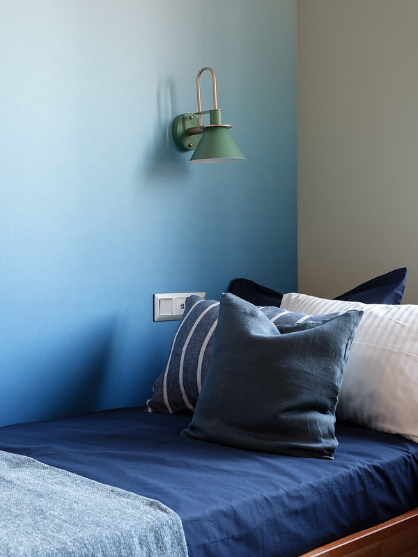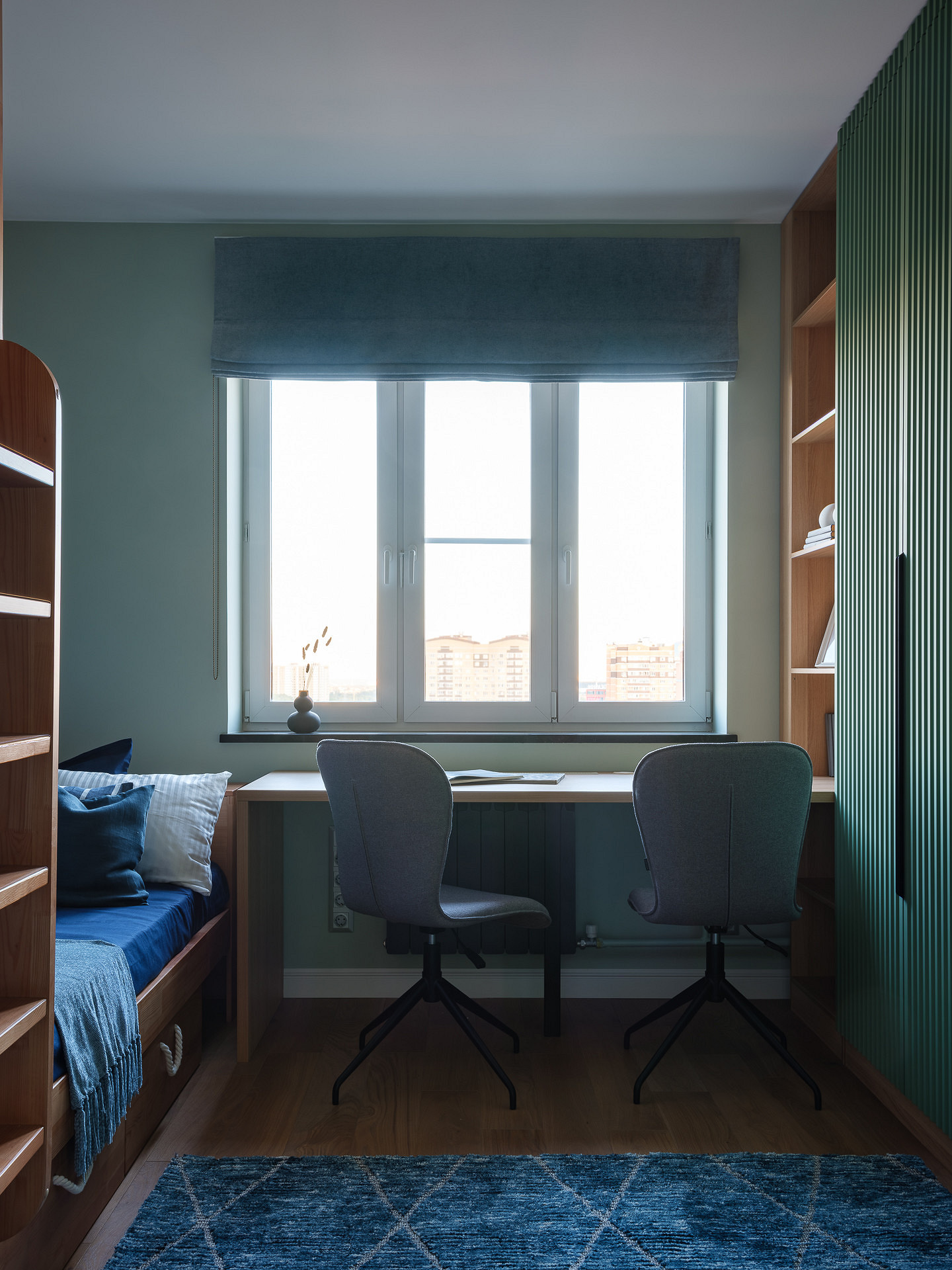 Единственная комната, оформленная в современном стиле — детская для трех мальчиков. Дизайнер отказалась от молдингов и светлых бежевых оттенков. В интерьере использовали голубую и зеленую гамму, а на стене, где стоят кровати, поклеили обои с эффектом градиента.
● ● ● ● ● ● ●
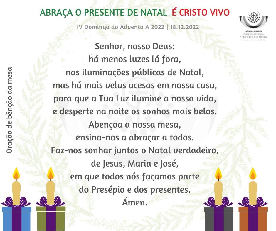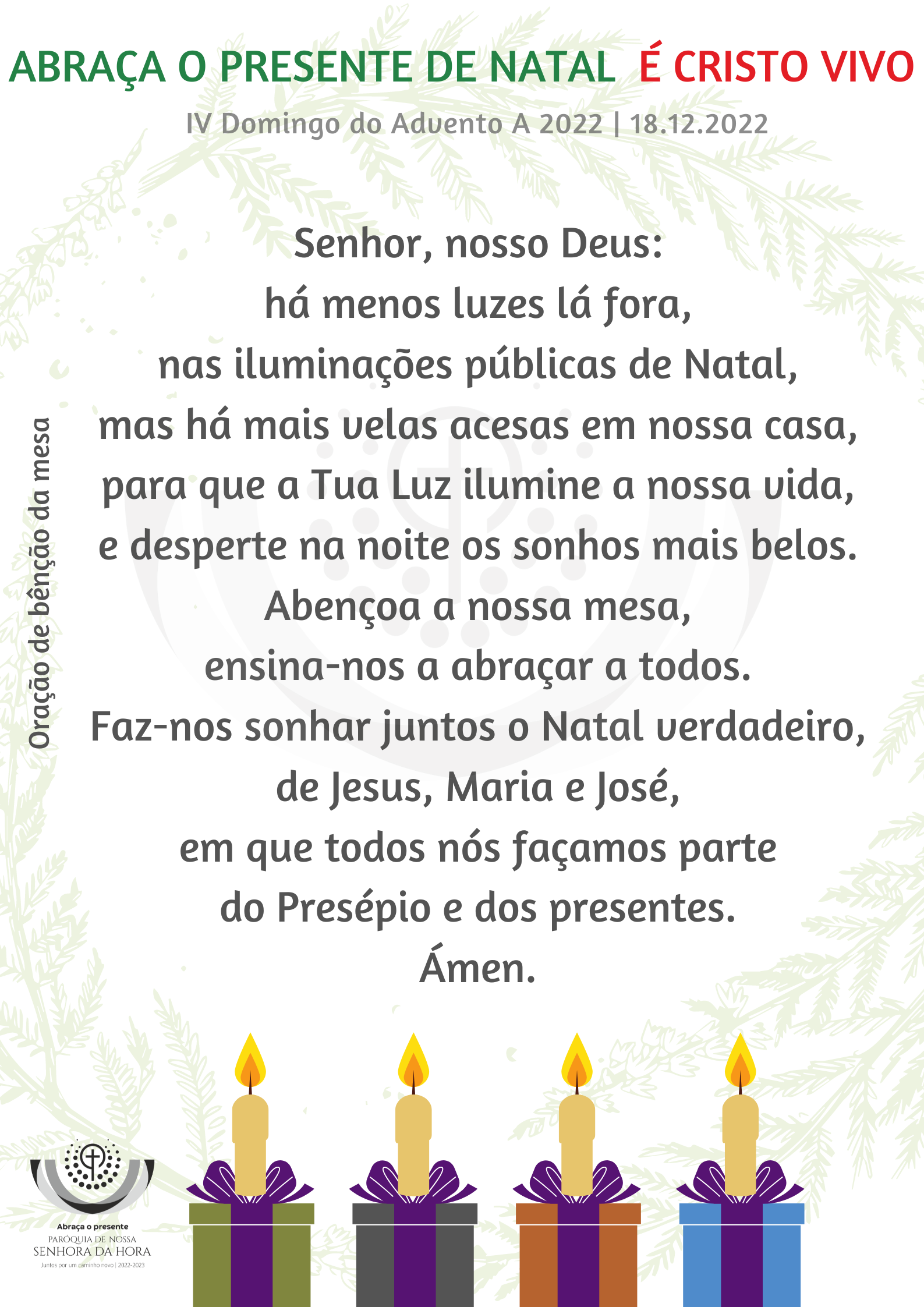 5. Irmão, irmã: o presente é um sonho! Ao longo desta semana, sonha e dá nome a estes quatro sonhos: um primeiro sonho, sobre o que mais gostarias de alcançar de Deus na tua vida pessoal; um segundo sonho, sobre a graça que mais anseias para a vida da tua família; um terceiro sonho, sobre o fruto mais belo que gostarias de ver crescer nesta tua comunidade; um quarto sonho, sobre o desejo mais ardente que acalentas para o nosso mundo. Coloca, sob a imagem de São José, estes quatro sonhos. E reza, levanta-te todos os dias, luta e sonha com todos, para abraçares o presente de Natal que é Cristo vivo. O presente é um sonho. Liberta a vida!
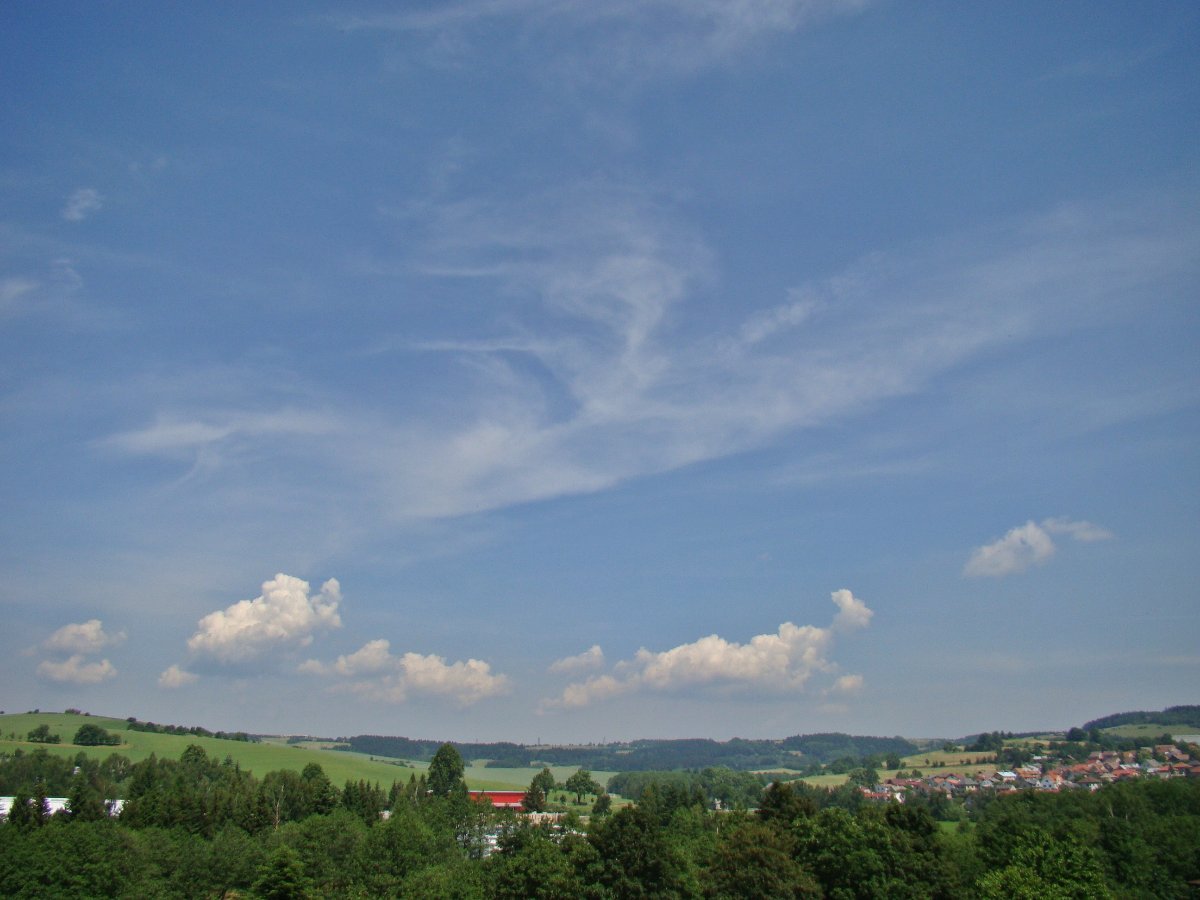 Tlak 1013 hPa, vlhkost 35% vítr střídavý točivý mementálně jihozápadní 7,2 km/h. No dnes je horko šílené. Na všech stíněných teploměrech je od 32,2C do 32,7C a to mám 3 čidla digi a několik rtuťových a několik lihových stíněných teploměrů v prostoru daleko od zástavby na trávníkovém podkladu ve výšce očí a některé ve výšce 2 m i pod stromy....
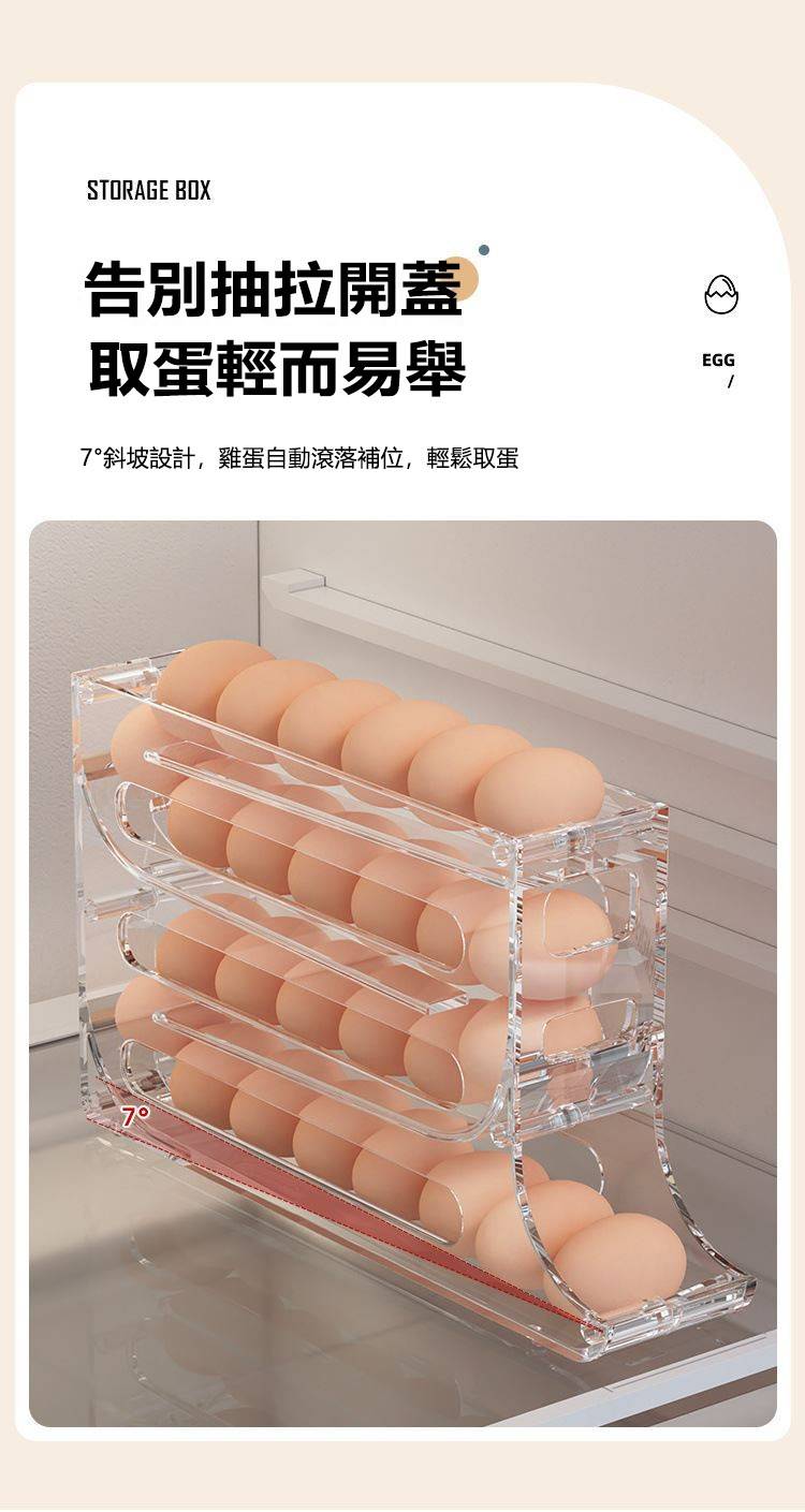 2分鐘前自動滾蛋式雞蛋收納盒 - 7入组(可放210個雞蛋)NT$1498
● ● ● ● ● ● ●
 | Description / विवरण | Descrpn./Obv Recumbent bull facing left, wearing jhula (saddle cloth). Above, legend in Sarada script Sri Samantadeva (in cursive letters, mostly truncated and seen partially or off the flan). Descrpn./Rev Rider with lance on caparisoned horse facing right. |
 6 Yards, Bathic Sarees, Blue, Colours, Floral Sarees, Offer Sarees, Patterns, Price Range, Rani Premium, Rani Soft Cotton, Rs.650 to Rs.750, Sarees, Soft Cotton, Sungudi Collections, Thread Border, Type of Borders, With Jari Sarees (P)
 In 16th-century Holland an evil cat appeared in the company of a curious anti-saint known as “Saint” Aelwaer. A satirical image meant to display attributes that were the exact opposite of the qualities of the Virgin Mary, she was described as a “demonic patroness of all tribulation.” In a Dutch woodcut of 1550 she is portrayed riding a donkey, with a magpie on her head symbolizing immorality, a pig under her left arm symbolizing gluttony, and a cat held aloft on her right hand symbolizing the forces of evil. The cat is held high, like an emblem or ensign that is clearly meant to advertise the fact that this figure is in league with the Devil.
● ● ● ● ● ● ●
● What the task requires: Look above for the line with "Tlak 1013 hPa, vlhkost" and the line with "2分鐘前自動滾蛋式雞蛋收納盒 - 7入组(可放210個雞蛋)NT$1498"; set down those two lines and all lines between them exactly, without pictures and without anything else.

● Response:
 Tlak 1013 hPa, vlhkost 35% vítr střídavý točivý mementálně jihozápadní 7,2 km/h. No dnes je horko šílené. Na všech stíněných teploměrech je od 32,2C do 32,7C a to mám 3 čidla digi a několik rtuťových a několik lihových stíněných teploměrů v prostoru daleko od zástavby na trávníkovém podkladu ve výšce očí a některé ve výšce 2 m i pod stromy....
 2分鐘前自動滾蛋式雞蛋收納盒 - 7入组(可放210個雞蛋)NT$1498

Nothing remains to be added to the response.